This situation resulted from their disobedience to the LORD. Had there been faith, a single man could have stopped the enemy (2Sam 23:11-12). But sin makes weak. The people have been disobedient to the LORD in their ways and actions (verse 18). These have not been superficial deviations, but are deep in the heart. Therefore, the judgments must strike the heart.
19 - 22 The Soul Struggle of Jeremiah
19 My soul, my soul! I am in anguish! Oh, my heart!
My heart is pounding in me;
I cannot be silent,
Because you have heard, O my soul,
The sound of the trumpet,
The alarm of war.
20 Disaster on disaster is proclaimed,
For the whole land is devastated;
Suddenly my tents are devastated,
My curtains in an instant.
21 How long must I see the standard
And hear the sound of the trumpet?
22 “For My people are foolish,
They know Me not;
They are stupid children
And have no understanding.
They are shrewd to do evil,
But to do good they do not know.”
Jeremiah is fully involved in his message (verse 19). He experiences what he preaches. He experiences the weight of it and is weighed down by it. It touches him deep inside. His bowels get upset and his heart is restless at the sight of the misery that is coming. It is impossible for him to remain silent about it. He must pass it on to warn. He hears the trumpet call and the shouts of the enemy armies. In this way he makes himself one with the people, the remnant in which the Spirit of Christ is. He is weighed down by the wicked condition of the people and experiences God’s anger over it. He represents the voice of the faithful remnant. It is the language of the book of Psalms.
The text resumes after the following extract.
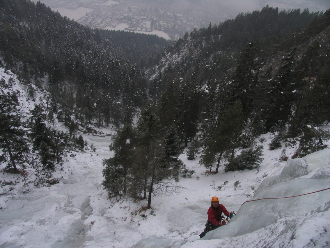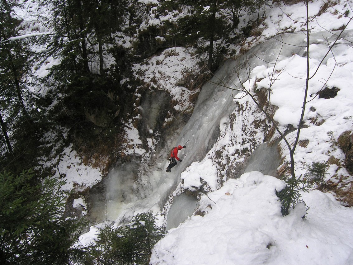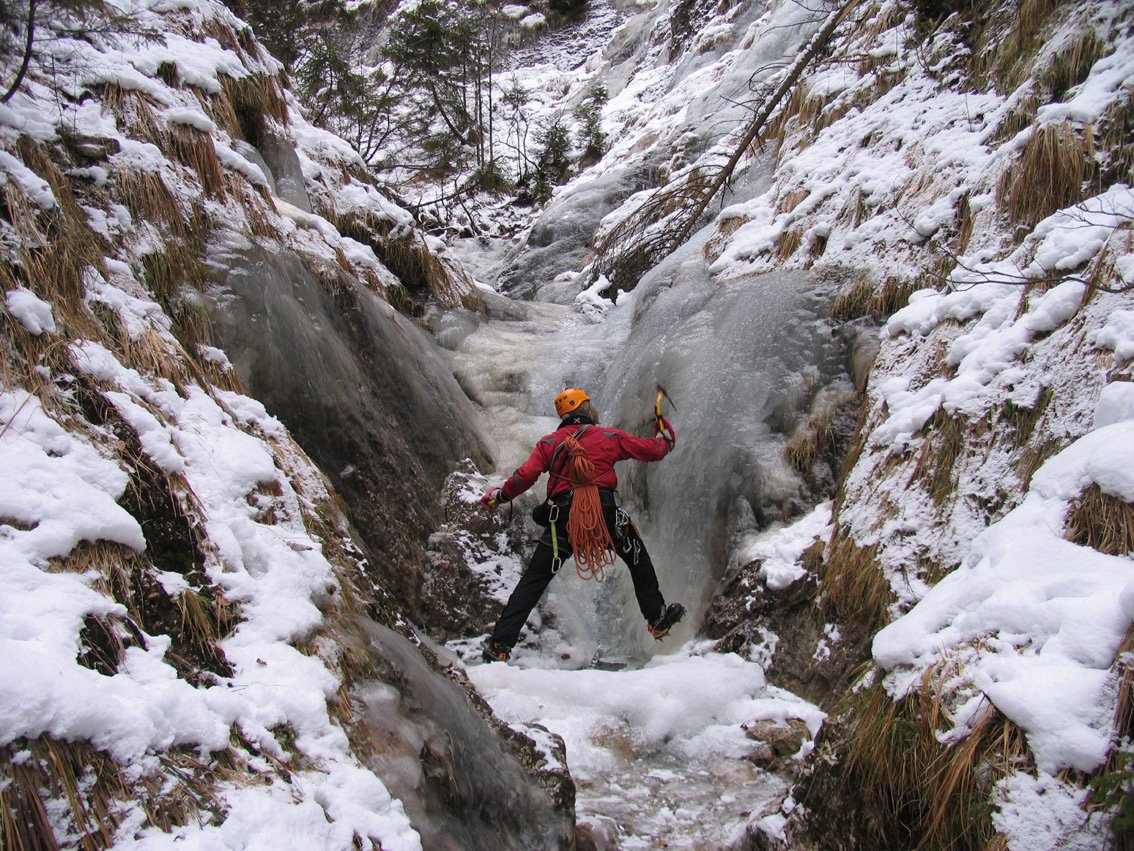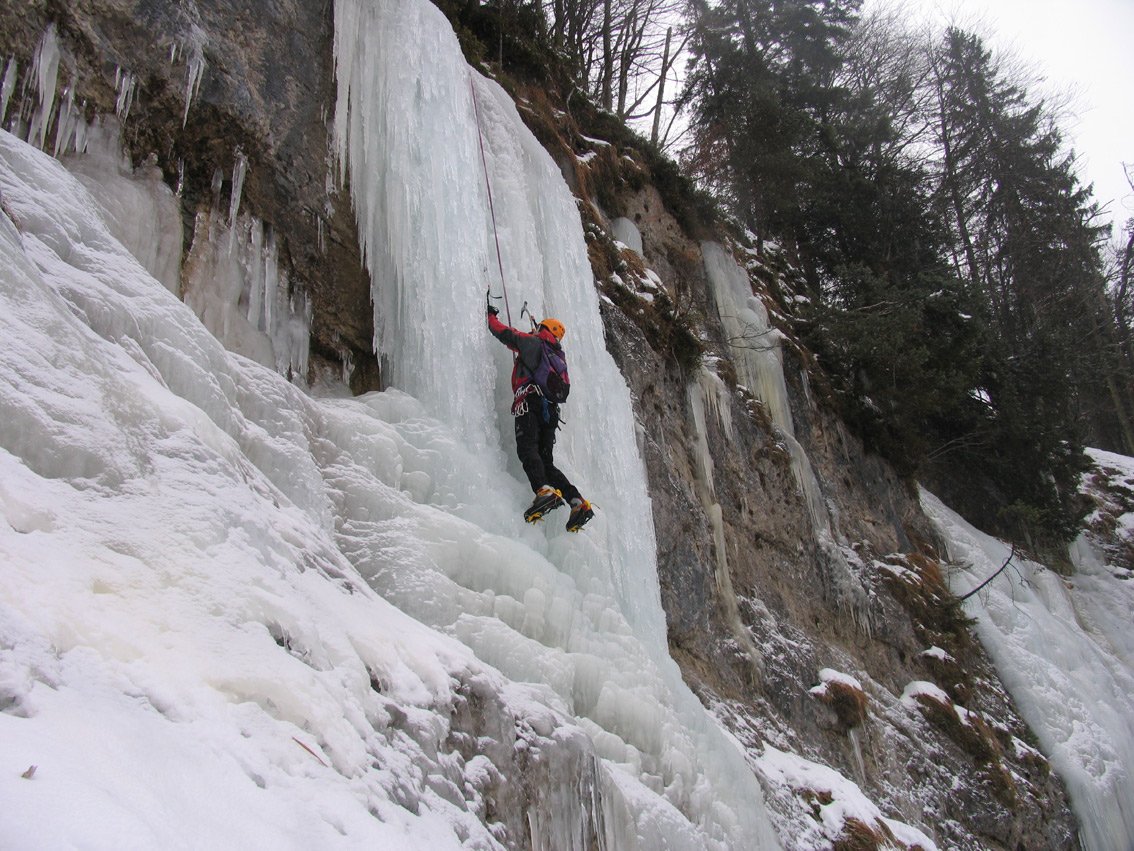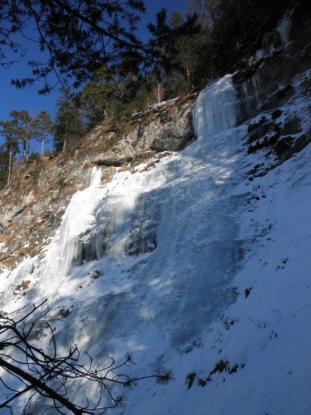 Schöner Eisfall direkt im Nahbereich von Kufstein. Der Fall ist im Grunde leicht (WI 2) und hat oben einen schweren direkten Ausstieg (WI 4/4+), wenn man rechts aussteigt ist es genau so schwer wie unten. Der Fall ist durchaus für Anfänger geeignet (siehe Bemerkung) und wird auch für Kurse genutzt.

In the spirit, he sees how disaster on disaster occurs (verse 20). There are reports of one calamity after another, just like the messengers who come to Job. One hasn’t finished telling him about the calamity or the next one is already arriving with a new message of doom (Job 1:13-19). The whole land is destroyed by the enemy. In an instant, any family life in tents has become impossible because the tents have been destroyed. Jeremiah speaks of “my tents”, so much concerned is he with the people. He empathizes completely with the approaching horrors.
He asks the LORD how long he has to watch the enemy has the say (verse 21). The question “how long” is also common in Psalms. His suffering shows a deep patriotism that no one feels as he does. Fellowship with God and obedience to His service always deepen the servant’s sensitivity. How can this man, so deeply concerned with the fate of his people, later be accused of treason?
The LORD answers him that the cause of all this misery is with “My people” (verse 22). Here we also hear the pain in the heart of the LORD. Although they are His people, they do not know Him. ‘Knowing’ here implies living in fellowship with Him and interacting with Him in love and trust. He must say of them that they are “stupid children”, living without understanding Who He is and who they themselves are (cf. Pro 1:7). They know well how to do evil, they are even “shrewd” in that, but they are ignorant of doing good, of that they “do not know”.
23 - 26 The Cosmic Disaster
23 I looked on the earth, and behold, [it was] formless and void;
And to the heavens, and they had no light.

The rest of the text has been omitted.